Here, we have demonstrated that machine learning can also be used to develop the types of simple, fast potential models that are needed to model systems at extreme time and length scales. The key to our approach is to use genetic programming to search for computationally simple and efficient models in a hypothesis space that is constructed so that it contains simple models that are also physically meaningful. The models are then selected based on a combination of simplicity, speed, and accuracy relative to the training data. The use of simplicity as a selection criterion results in models that are more likely to generalize well, and it also significantly reduces the amount of data required to train the model.^63,64,65 For example, GP1 and GP2 were trained with 75 32-atom structures, for a total of 2400 atomic environments. For comparison, Artrith and Behler⁶⁶ have constructed a neural network potential for copper with a focus on surfaces. The potential was trained using 554,187 atomic environments, including tens of thousands of slabs and cluster structures. It performs comparably to GP1 and GP2 for many bulk properties, and much better for surface energies (Table S6, Supplementary Information). The neural network approach demonstrates very low errors on the types of systems on which it was trained, but as the genetic programming approach requires less training data it is likely that some accuracy can be recovered by using more accurate (and computationally expensive) methods to generate the training data.

The potential models discovered by the genetic programming approach are as fast as EAM-type models and demonstrate good predictive accuracy on properties they were not trained on. In particular, GP1 and GP2 show surprisingly good performance in predicting surface energies (the GP1 mean absolute error for surface energies is only 35 mJ/m²) despite the fact that there were no surfaces in their training data. Trained only on DFT data, the genetic programming algorithm found models that resemble widely used glue potentials with a unique form for the many-body term that depends on the inverse of a sum over pair interactions. One of the advantages of generating potential models using simple analytical expressions is that it may be possible to analyze the expressions to get an insight into the underlying physical interactions that are responsible for the shape of the potential energy surface.

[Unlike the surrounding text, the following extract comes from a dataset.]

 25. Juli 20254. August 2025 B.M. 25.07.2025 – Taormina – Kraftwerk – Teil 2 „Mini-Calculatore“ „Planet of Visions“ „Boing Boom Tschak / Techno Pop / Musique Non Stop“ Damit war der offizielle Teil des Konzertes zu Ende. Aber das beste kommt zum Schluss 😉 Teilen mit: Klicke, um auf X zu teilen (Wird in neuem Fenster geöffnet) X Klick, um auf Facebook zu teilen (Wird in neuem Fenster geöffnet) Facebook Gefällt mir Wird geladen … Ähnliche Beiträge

There are some notable limitations and areas for improvement for the approach presented here. For each system studied, it will be necessary to ensure that the hypothesis space contains simple expressions that capture important contributions to the potential energy; for example, for many systems it will likely be necessary to introduce terms that depend on bond angles, which was not done in this work. We used fixed inner and outer cutoff distances in this study, but it would almost certainly be better to let them vary as do other parameters of the potential. There is also the question of how to determine which of the models discovered by the genetic programming algorithm provide the best balance of speed and predictive accuracy. This could be achieved in a number of ways,^40,67,68 including by evaluating performance against validation data, but it is not clear which approach is best. Finally, the genetic programming approach is likely not suitable for on-the-fly learning. As it is a stochastic method, it can take an indeterminate amount of time to find a set of promising models, and there is no guarantee that an incremental change to the training data will result in an incremental change to the shapes of the potential energy surfaces on the convex hull. Other potential model approaches are probably better-suited for this purpose. Despite these current limitations, our results demonstrate that machine learning holds great promise to improve the accuracy of atomistic calculations at extreme time and length scales.

Methods

Description of the hypothesis space

Our machine-learning algorithm uses genetic programming to search a hypothesis space of models that can be constructed by combining real numbers, addition, subtraction, multiplication, division, exponentiation, and a sum over neighbors of an atom. As discussed previously in the text, the hypothesis space was based on physical principles. Within this hypothesis space, each function can be represented as a tree graph, as shown in Fig. 6. The space was constrained so that the maximum number of summations over neighbors was 6, no nested summations over neighbors were allowed, the maximum allowed depth of a tree was 32 and the maximum allowed number of nodes was 511. To ensure smoothness of the potential, all functions of distances are multiplied by the following smoothing function before the sum over neighbors is taken:⁶⁹

$$f(r) = \left( {2r^2 - 3r_{{\mathrm{in}}}^2 + r_{{\mathrm{out}}}^2} \right)\left( {r_{\mathrm{out}}^2 - r^2} \right)^2\left( {r_{{\mathrm{out}}}^2 - r_{{\mathrm{in}}}^2} \right)^{ - 3}$$

(7)

where r_in and r_out are the inner and outer cutoff radii, for GP1 and GP2, r_in = 3 Å and r_out = 5 Å, including the 3rd nearest neighbors.⁵⁴

Description of the algorithm

Genetic programming evolves computer programs following Darwin’s natural selection by performing crossover and mutation operations on a set of individuals. Crossover was performed by two different operations: by randomly selecting a branch from one tree and replacing it with a randomly selected branch of another tree (Fig. 7), and by creating a linear combination of two randomly selected branches from two different tress—the first method was randomly selected 90% of the time and the second one 10% of the time. The mutation operation performed three different sub-operations with equal probability: crossover of a tree with a randomly generated tree, swapping the arguments of a binary non-commutative function, and slightly modifying the expression tree by replacing (or inserting) a randomly selected non-terminal node with a randomly selected operator.⁷⁰ The randomly generated trees were generated with the grow or full method with equal probability,³⁶ and the depth was drawn from a Gaussian distribution of mean 5 and standard deviation of 1. The overall algorithm performed crossover with a probability of 0.9, and mutation with a probability of 0.1.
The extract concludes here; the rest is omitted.